== Source records ==
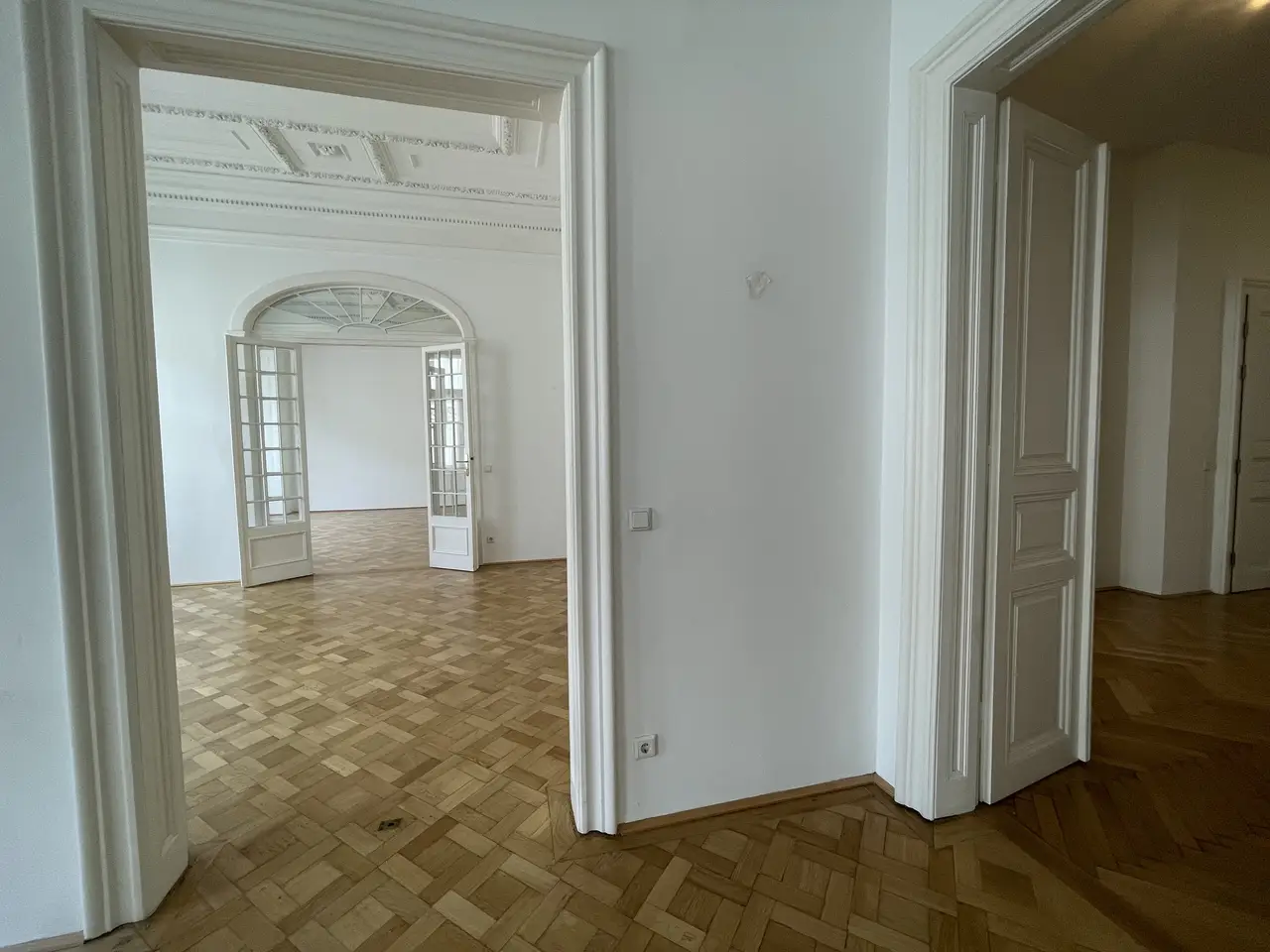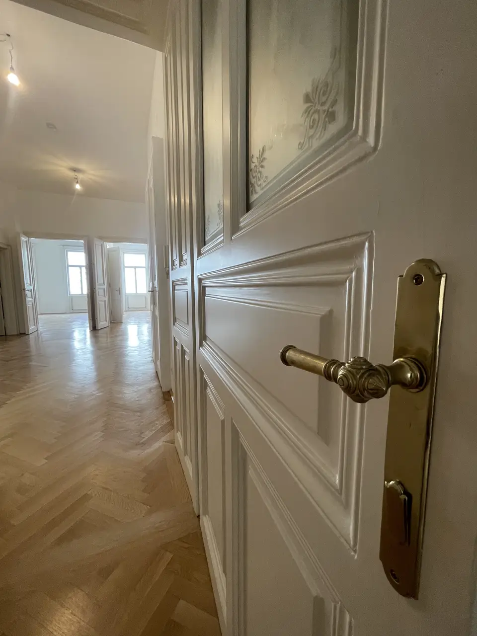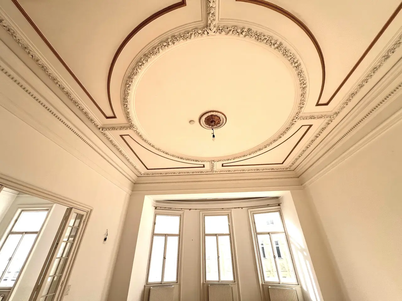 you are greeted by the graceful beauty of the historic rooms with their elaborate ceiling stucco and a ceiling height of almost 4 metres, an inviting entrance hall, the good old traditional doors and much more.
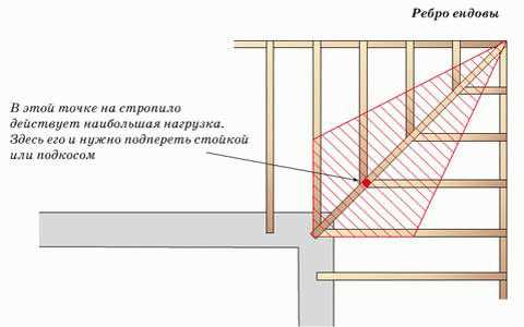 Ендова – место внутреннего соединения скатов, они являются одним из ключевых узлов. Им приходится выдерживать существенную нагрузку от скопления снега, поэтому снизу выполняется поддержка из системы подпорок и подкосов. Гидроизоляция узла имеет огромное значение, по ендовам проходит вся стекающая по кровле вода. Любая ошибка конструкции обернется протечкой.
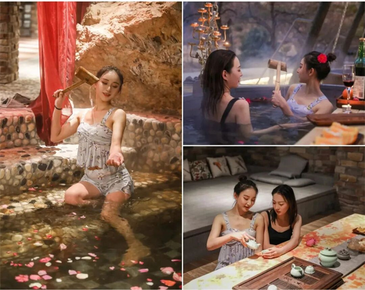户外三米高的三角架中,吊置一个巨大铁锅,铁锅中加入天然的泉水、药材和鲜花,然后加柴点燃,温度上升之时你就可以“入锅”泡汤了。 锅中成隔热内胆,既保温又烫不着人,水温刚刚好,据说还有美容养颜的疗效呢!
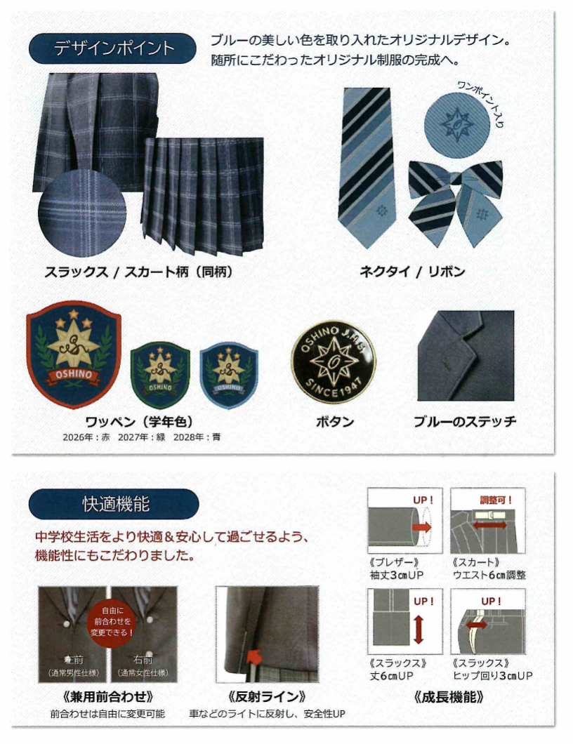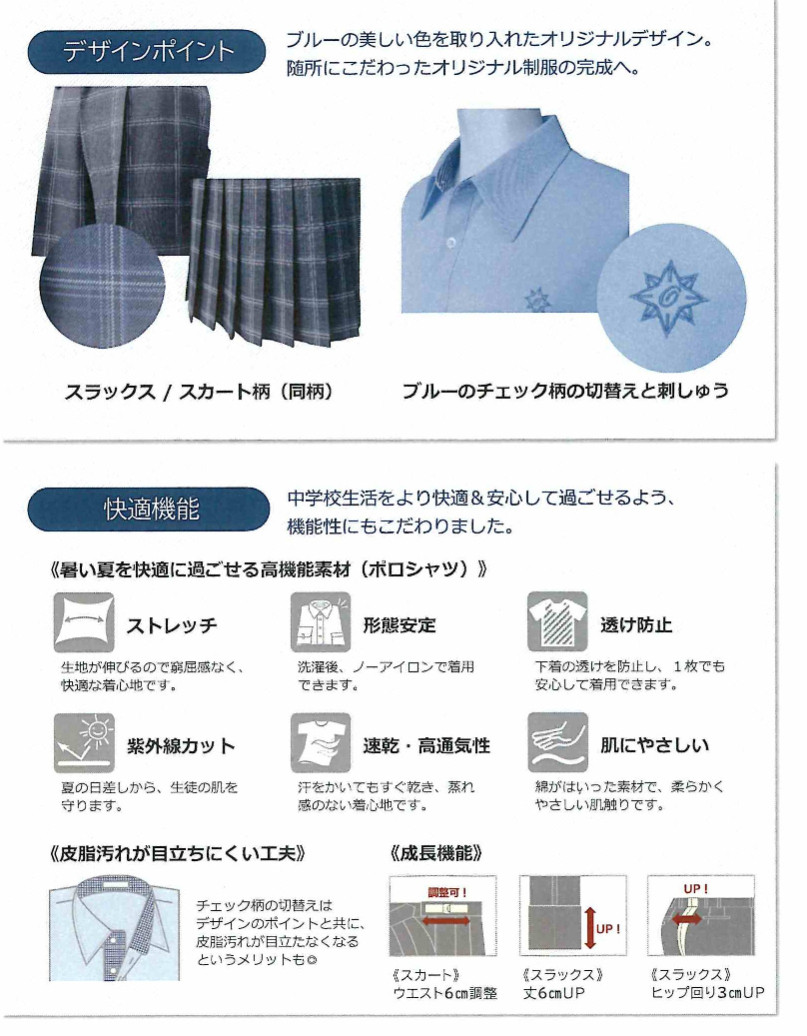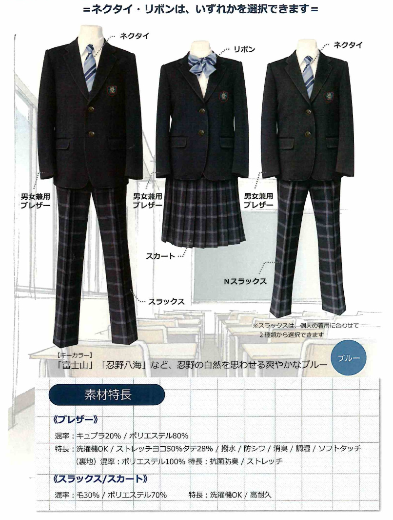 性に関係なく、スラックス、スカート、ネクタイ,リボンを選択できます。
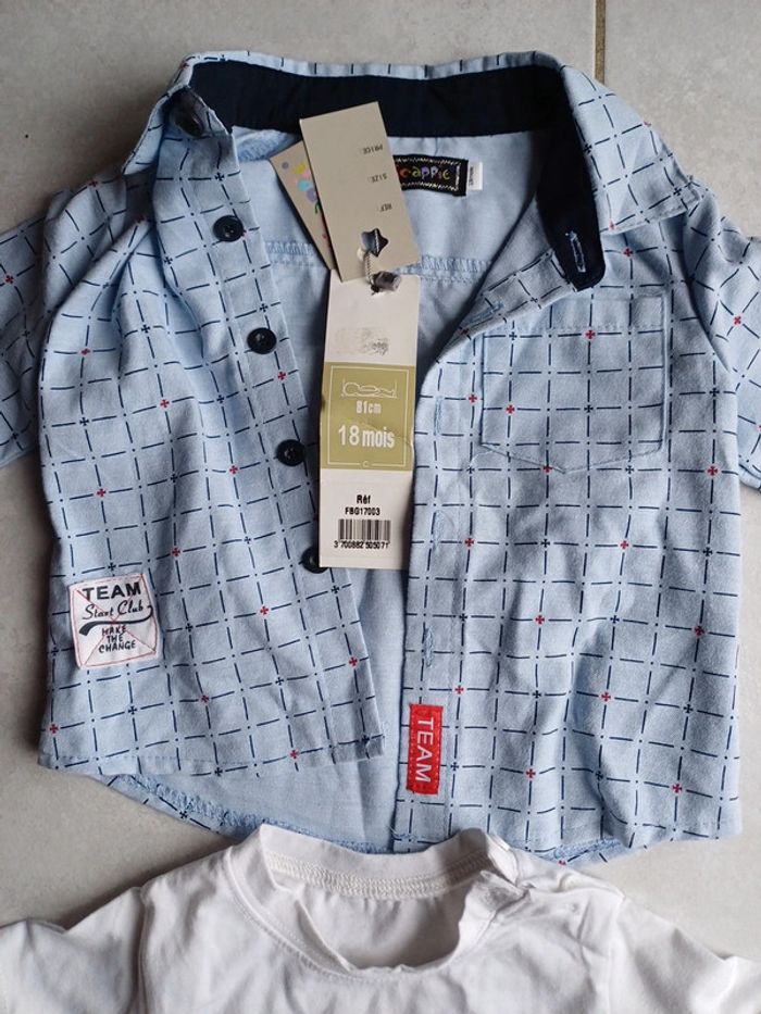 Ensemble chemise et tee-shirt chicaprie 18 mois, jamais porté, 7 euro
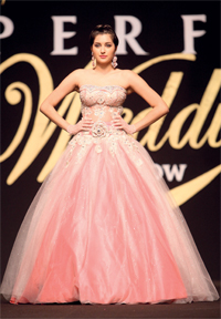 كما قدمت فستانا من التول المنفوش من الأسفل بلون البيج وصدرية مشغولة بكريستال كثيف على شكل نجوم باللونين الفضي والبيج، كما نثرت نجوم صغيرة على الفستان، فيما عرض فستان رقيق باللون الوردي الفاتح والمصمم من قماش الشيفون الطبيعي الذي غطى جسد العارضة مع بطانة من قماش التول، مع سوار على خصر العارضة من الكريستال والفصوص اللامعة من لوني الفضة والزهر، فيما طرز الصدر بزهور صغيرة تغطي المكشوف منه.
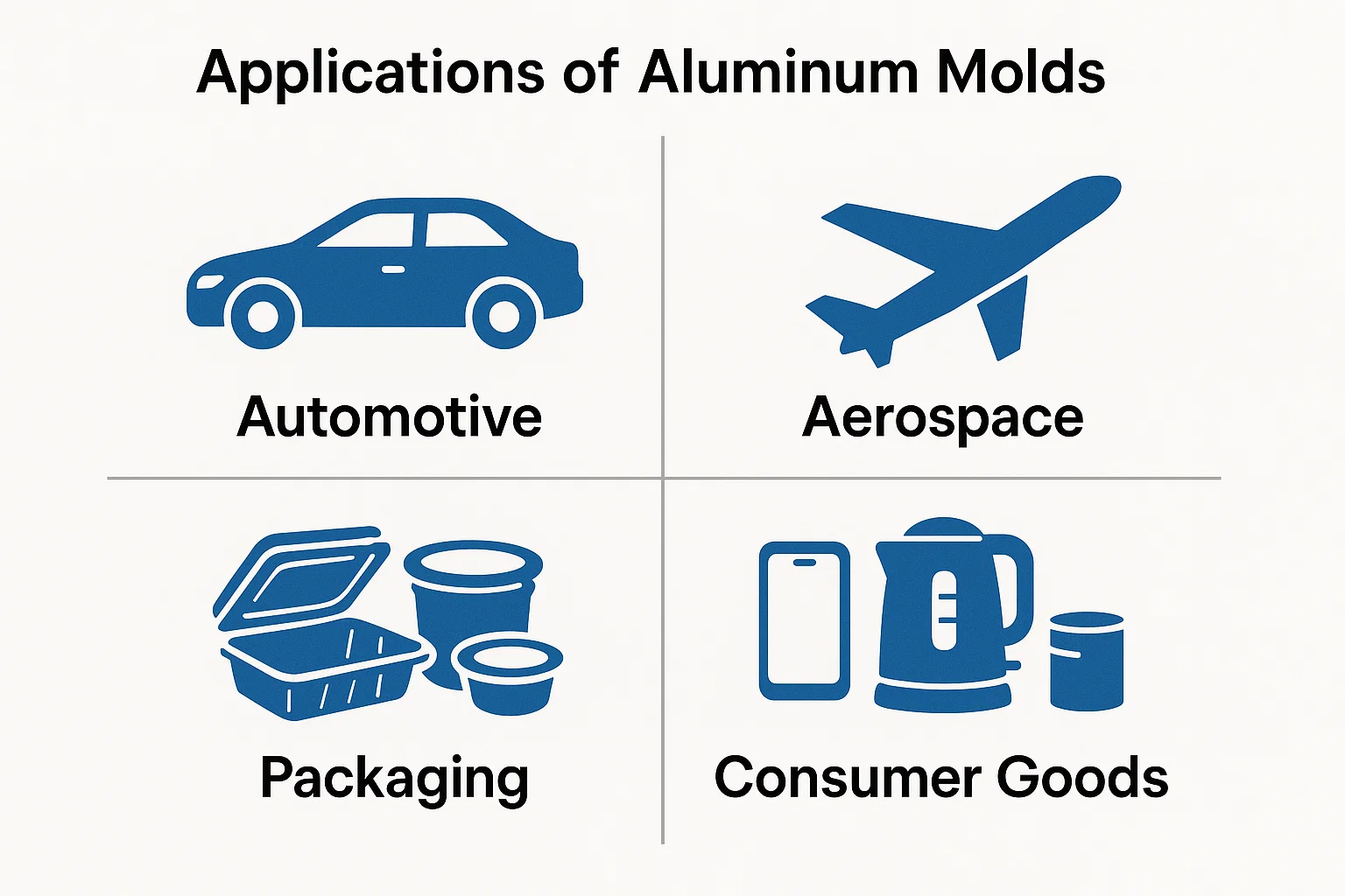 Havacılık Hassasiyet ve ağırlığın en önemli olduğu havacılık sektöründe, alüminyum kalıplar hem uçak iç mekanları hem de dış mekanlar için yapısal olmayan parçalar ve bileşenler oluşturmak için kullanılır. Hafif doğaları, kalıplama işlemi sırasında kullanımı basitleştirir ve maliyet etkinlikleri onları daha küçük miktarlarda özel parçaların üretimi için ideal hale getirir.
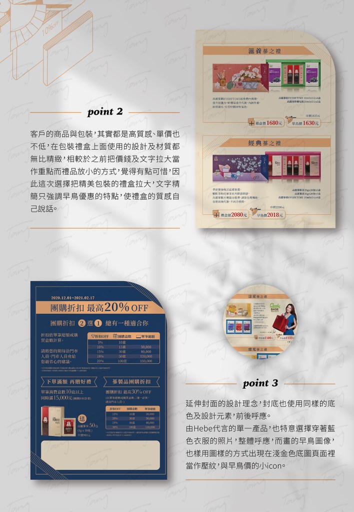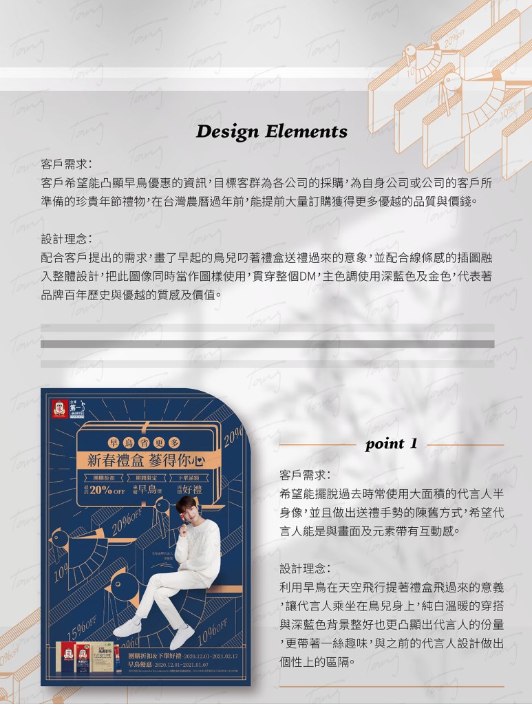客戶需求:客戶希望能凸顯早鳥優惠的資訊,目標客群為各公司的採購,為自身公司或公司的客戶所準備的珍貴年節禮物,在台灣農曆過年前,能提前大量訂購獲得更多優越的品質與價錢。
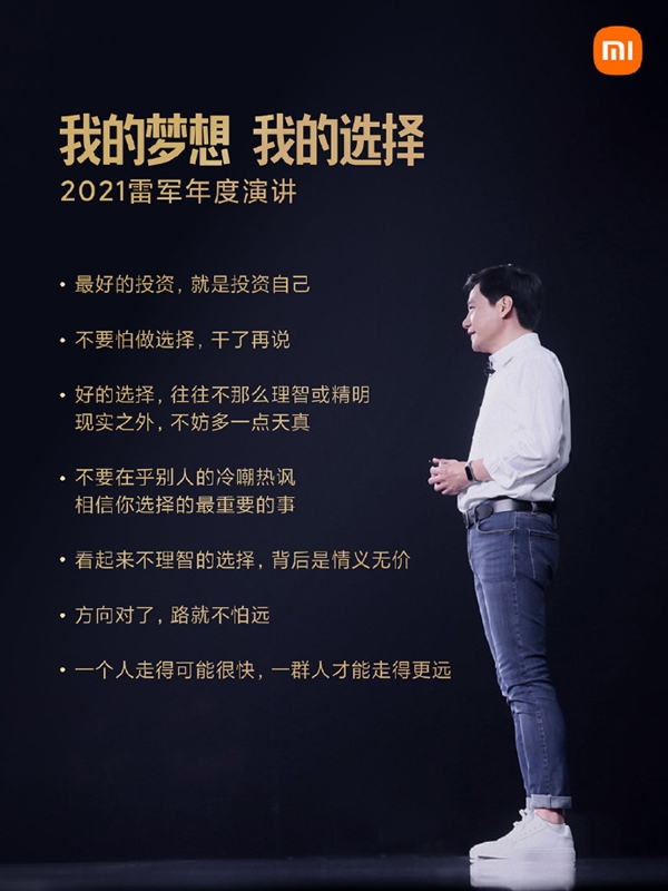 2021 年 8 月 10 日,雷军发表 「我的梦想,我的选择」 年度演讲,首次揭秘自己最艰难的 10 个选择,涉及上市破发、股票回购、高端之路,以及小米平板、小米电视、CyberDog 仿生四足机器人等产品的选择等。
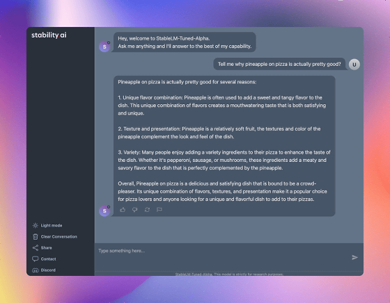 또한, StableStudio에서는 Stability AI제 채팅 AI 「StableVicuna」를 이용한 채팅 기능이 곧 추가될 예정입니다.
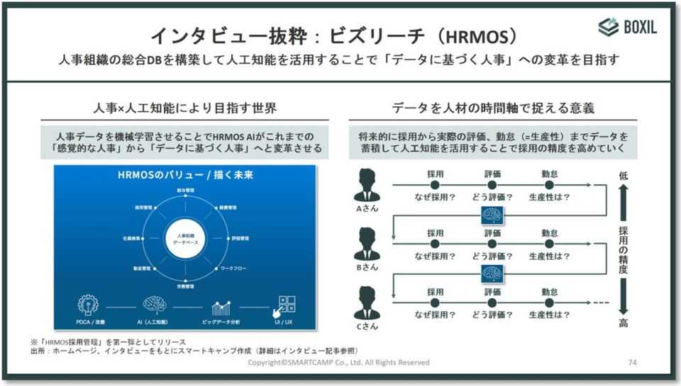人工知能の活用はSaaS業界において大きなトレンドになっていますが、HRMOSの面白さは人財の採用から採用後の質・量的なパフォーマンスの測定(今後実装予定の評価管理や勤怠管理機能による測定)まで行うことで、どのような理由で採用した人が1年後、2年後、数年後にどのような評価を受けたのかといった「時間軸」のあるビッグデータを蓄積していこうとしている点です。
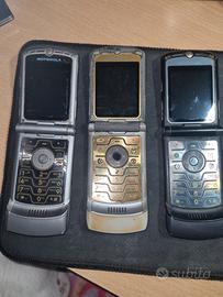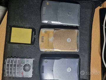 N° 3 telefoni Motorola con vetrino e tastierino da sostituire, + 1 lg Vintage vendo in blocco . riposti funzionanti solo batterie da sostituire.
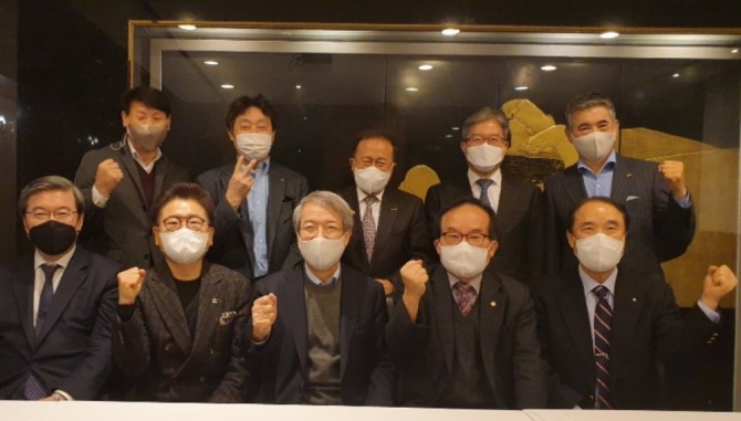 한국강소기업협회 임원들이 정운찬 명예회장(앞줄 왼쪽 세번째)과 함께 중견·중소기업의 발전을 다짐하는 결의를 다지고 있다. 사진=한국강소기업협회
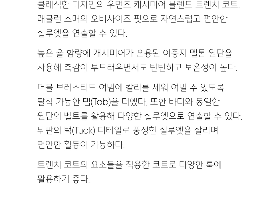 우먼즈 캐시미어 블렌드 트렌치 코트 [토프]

== Aim of the exercise ==
An exact, picture-free copy of the entries is required.

== Answer space ==
 you are greeted by the graceful beauty of the historic rooms with their elaborate ceiling stucco and a ceiling height of almost 4 metres, an inviting entrance hall, the good old traditional doors and much more.
 Ендова – место внутреннего соединения скатов, они являются одним из ключевых узлов. Им приходится выдерживать существенную нагрузку от скопления снега, поэтому снизу выполняется поддержка из системы подпорок и подкосов. Гидроизоляция узла имеет огромное значение, по ендовам проходит вся стекающая по кровле вода. Любая ошибка конструкции обернется протечкой.
户外三米高的三角架中,吊置一个巨大铁锅,铁锅中加入天然的泉水、药材和鲜花,然后加柴点燃,温度上升之时你就可以“入锅”泡汤了。 锅中成隔热内胆,既保温又烫不着人,水温刚刚好,据说还有美容养颜的疗效呢!
 性に関係なく、スラックス、スカート、ネクタイ,リボンを選択できます。
 Ensemble chemise et tee-shirt chicaprie 18 mois, jamais porté, 7 euro
 كما قدمت فستانا من التول المنفوش من الأسفل بلون البيج وصدرية مشغولة بكريستال كثيف على شكل نجوم باللونين الفضي والبيج، كما نثرت نجوم صغيرة على الفستان، فيما عرض فستان رقيق باللون الوردي الفاتح والمصمم من قماش الشيفون الطبيعي الذي غطى جسد العارضة مع بطانة من قماش التول، مع سوار على خصر العارضة من الكريستال والفصوص اللامعة من لوني الفضة والزهر، فيما طرز الصدر بزهور صغيرة تغطي المكشوف منه.
 Havacılık Hassasiyet ve ağırlığın en önemli olduğu havacılık sektöründe, alüminyum kalıplar hem uçak iç mekanları hem de dış mekanlar için yapısal olmayan parçalar ve bileşenler oluşturmak için kullanılır. Hafif doğaları, kalıplama işlemi sırasında kullanımı basitleştirir ve maliyet etkinlikleri onları daha küçük miktarlarda özel parçaların üretimi için ideal hale getirir.
客戶需求:客戶希望能凸顯早鳥優惠的資訊,目標客群為各公司的採購,為自身公司或公司的客戶所準備的珍貴年節禮物,在台灣農曆過年前,能提前大量訂購獲得更多優越的品質與價錢。
 2021 年 8 月 10 日,雷军发表 「我的梦想,我的选择」 年度演讲,首次揭秘自己最艰难的 10 个选择,涉及上市破发、股票回购、高端之路,以及小米平板、小米电视、CyberDog 仿生四足机器人等产品的选择等。
 또한, StableStudio에서는 Stability AI제 채팅 AI 「StableVicuna」를 이용한 채팅 기능이 곧 추가될 예정입니다.
人工知能の活用はSaaS業界において大きなトレンドになっていますが、HRMOSの面白さは人財の採用から採用後の質・量的なパフォーマンスの測定(今後実装予定の評価管理や勤怠管理機能による測定)まで行うことで、どのような理由で採用した人が1年後、2年後、数年後にどのような評価を受けたのかといった「時間軸」のあるビッグデータを蓄積していこうとしている点です。
 N° 3 telefoni Motorola con vetrino e tastierino da sostituire, + 1 lg Vintage vendo in blocco . riposti funzionanti solo batterie da sostituire.
 한국강소기업협회 임원들이 정운찬 명예회장(앞줄 왼쪽 세번째)과 함께 중견·중소기업의 발전을 다짐하는 결의를 다지고 있다. 사진=한국강소기업협회
 우먼즈 캐시미어 블렌드 트렌치 코트 [토프]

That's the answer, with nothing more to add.